Next, the application unit 30 will be described. The application unit 30 is implemented in an information processing terminal connected to the intermediate-layer device 10, and has a function of making a request to the intermediate-layer device 10 for the results of recognition by the recognition engines 21 to 23. In this exemplary embodiment, the application unit 30 specifically requests for a new recognition result obtained by reusing and integrating the result of recognition by the object recognition engine 21 and the result of recognition by the flow recognition engine 22. To be specific, in an example described in this exemplary embodiment, the application 30 makes a request to the intermediate-layer device 10 for the “flow of a specific person.”
[0017]
Next, the intermediate-layer device 10 will be described. The intermediate-layer device 10 is an information processing device including an arithmetic device and a storage device. The intermediate-layer device 10 includes a recognition-engine output acquiring unit 11, an instance/class correspondence judging unit 12, an output instance holding unit 13, and a class structure registering unit 15, which are built by incorporation of programs into the arithmetic device, as shown in Fig. 1. The intermediate-layer device 10 also includes a class structure holding unit 14 and a class ID holding unit 16 in the storage device. The respective configurations will be described in detail below.
[0018]
First, the recognition-engine output acquiring unit 11 (a recognition result acquiring means) acquires recognition result information generated in recognition processes by the person recognition engine 21 and the flow recognition engine 22 from the respective engines as described above. Then, the instance/class correspondence judging unit 12 (the recognition result acquiring means) holds each of the acquired recognition result information in a previously defined class structure showing a data format.
[0019]
A class structure, which is a data format of recognition result information corresponding to the person recognition engine 21 and which is recognition result definition information defined by, for example, a graph structure or a tree structure, is stored into the class structure holding unit 14 (a definition information storing means) and the class ID holding unit 16 from the class structure registering unit 15, and defined. To be specific, as shown in Fig. 2, a class structure C1 corresponding to the person recognition engine 21 is defined by a graph structure such that location information C12 represented by coordinates {an X coordinate value, a Y coordinate value) of a position where an image (a frame) with a specific person detected has been captured and also represented by a date and time (detection time) when the image has been captured is placed below person identification information (a person ID) C11 identifying the detected specific person.
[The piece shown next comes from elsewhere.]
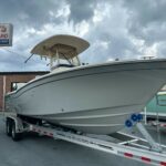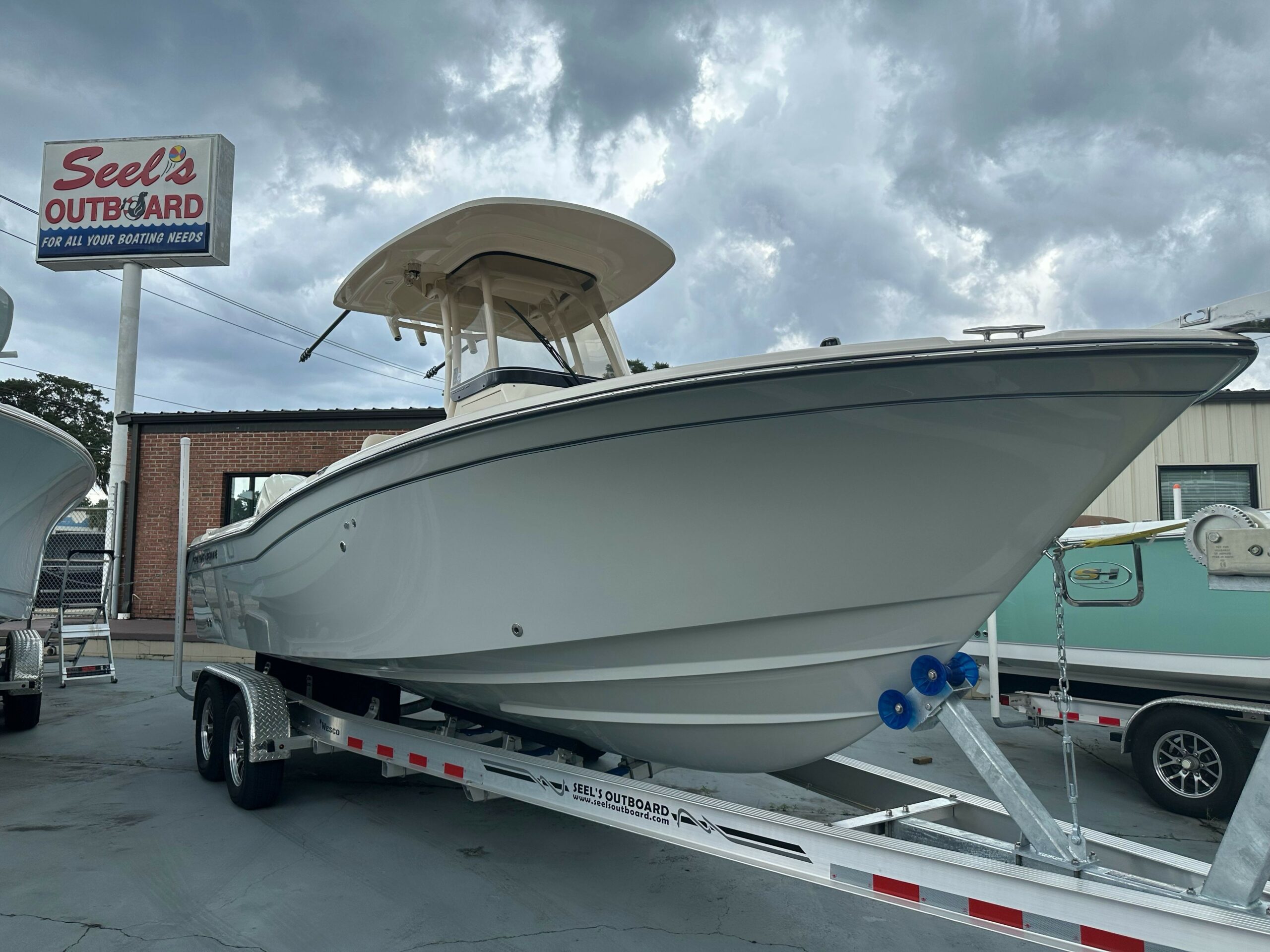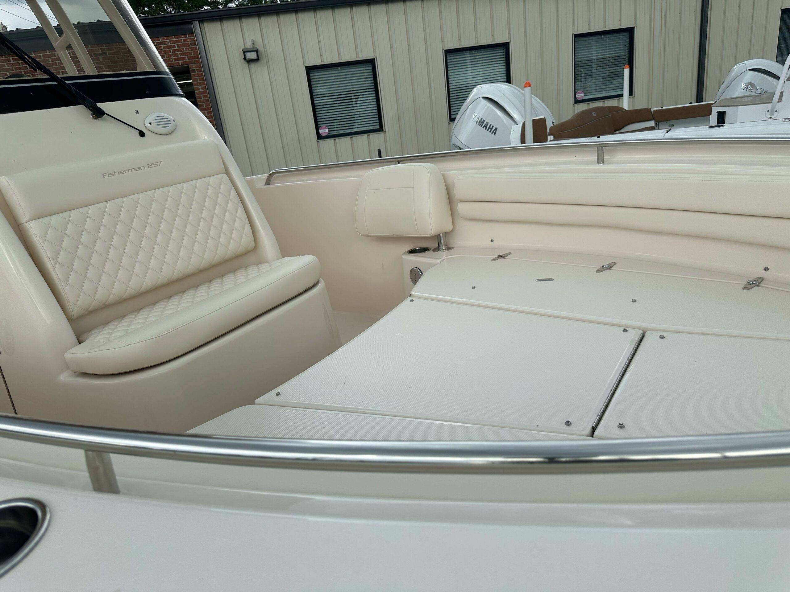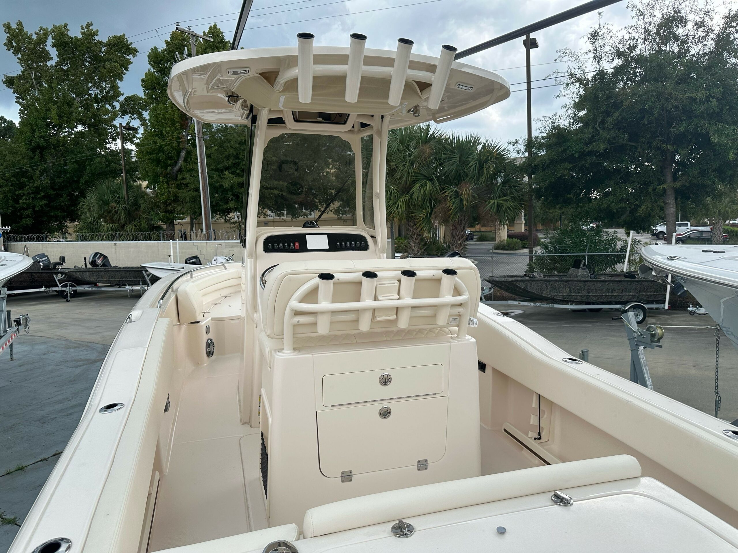 Safety 2 Automatic Bilge Pumps (Total 2600 GPH) (9842 LPH) Basic Flotation Bow Grab Rail – Low Profile 316 Grade Stainless Steel Cockpit toe Rails Composite Stringer System & Transom – Water Impervious Nonskid Fiberglass Liner Self-Bailing Cockpit w/Cockpit Drains (4) Stainless Steel Through-Hull Fittings Cockpit & Deck 100% Hand Laid Seav Hull & Deck Anchor Windlass w/Rode, Line, and Bow Roller Batteries (2) w/Battery Select Switches (one per Engine) Cleats Cockpit Bolsters Cockpit Freshwater Shower (Recessed) Cockpit Lights – Blue LED Cutting Board Hydraulic Trim Tabs w/Indicator & Retractor Integrated Outboard Mounting System w/Swim Platform & Ladder International Lighting Livewell – 32-Gallon (121.1 l) Aft Insulated raw Water Livewell w/Light, Full Column Distribution Inlet & ob Drain (1100 GPH Pump) (4164 LPH) Rod Holders – Cockpit (4) Rod Storage Racks – Horizontal (6) Deck Hardware – 316 Grade Stainless Steel Through-Bolted Drink Holders – Stainless Steel (3) Engine Flush System w/Hose Attachment Aft (one per Engine) Factory Engine pre-Rigging Fish box – 120-qt. (113.6 l) Forward Port Divided Insulated Fish box w/ob Drain Fish box – 120-qt. (113.6 l) Forward Starboard Insulated Fish box w/ob Drain Fish box – 185-qt. (175.1 l) Aft Insulated Fish box w/ob Drain Forward Bolsters Rubrail – High Density PVC w/Stainless Steel Insert Seating – Lean Bar w/Backrest, Split Flip-up Bolster, Knife & Plier Holders, Tackle Trays, Lockable Storage & Rod Holders (4) Seating – Foldaway Aft Bench Seat w/Cushion Seating – Port & Starboard Cushioned Bow Seating w/Forward Facing Foldaway Bolstered Backrest (2) Stereo System w/Waterproof Touch Screen Display, AM/FM Tuner & Wi-Fi & Bluetooth Connectivity; Speakers w/LED Lights – Bow (2), Helm (2) Stern Eyes – 316 Grade Stainless Steel Storage – Forward Anchor Locker w/Rode Storage Transom Door – Fiberglass Washdown – Pressurized raw Water w/Hose Water Tank – 20-Gallon (75.7 l) Freshwater Console Accessory Outlet – 5V Duplex USB Port Compass Drink Holders – Stainless Steel (2

Thus, the instance/class correspondence judging unit 12 applies values included in recognition result information actually acquired from the person recognition engine 21 to the person identification information (person ID) and the position and so on (X coordinate value, Y coordinate value, detection time) of the class structure C1 corresponding to the person recognition engine 21, and holds as shown in Fig. 6.
[0020]
Further, as shown in Fig. 3, a class structure C2, which is a data format of recognition result information corresponding to the flow recognition engine 22 and which is recognition result definition information defined by, for example, a graph structure or a tree structure, is defined by a graph structure such that trajectory identification information (a trajectory ID) C22 identifying a whole trajectory of a detected moving object is placed below object identification information (an object ID) C21 identifying the object, and flow information C23 represented by dates and times (detection time) forming the trajectory of the detected object and coordinates (X coordinate values, Y coordinate values) of positions at these times is placed below C22. Thus, the instance/class correspondence judging unit 12 applies values included in recognition result information actually acquired from the flow recognition engine 22 to the object identification information (object ID) and the position and so on (X coordinate value, Y coordinate value, detection time) of the class structure C2 corresponding to the flow recognition engine 22, and holds as shown in Fig. 7.
[0021]
The output instance holding unit 13 (an integration recognition result outputting means) included in the intermediate-layer device 10 integrates the recognition result information acquired from the person recognition engine 21 and the recognition result information acquired from the flow recognition engine 22 that are applied to the previously defined class structures C1 and C2 and held as described above, and holds as a new recognition result. To be specific, the output instance holding unit 13 integrates the recognition result information in accordance with a class structure C3. The class structure C3 is previously stored in the class structure holding unit 14 (a definition information storing means) and the class ID holding unit 16, and is integration definition information showing an integration format that is a data format representing a condition of integration of the recognition result information and a new recognition result after integration, by a graph structure or a tree structure. 10022]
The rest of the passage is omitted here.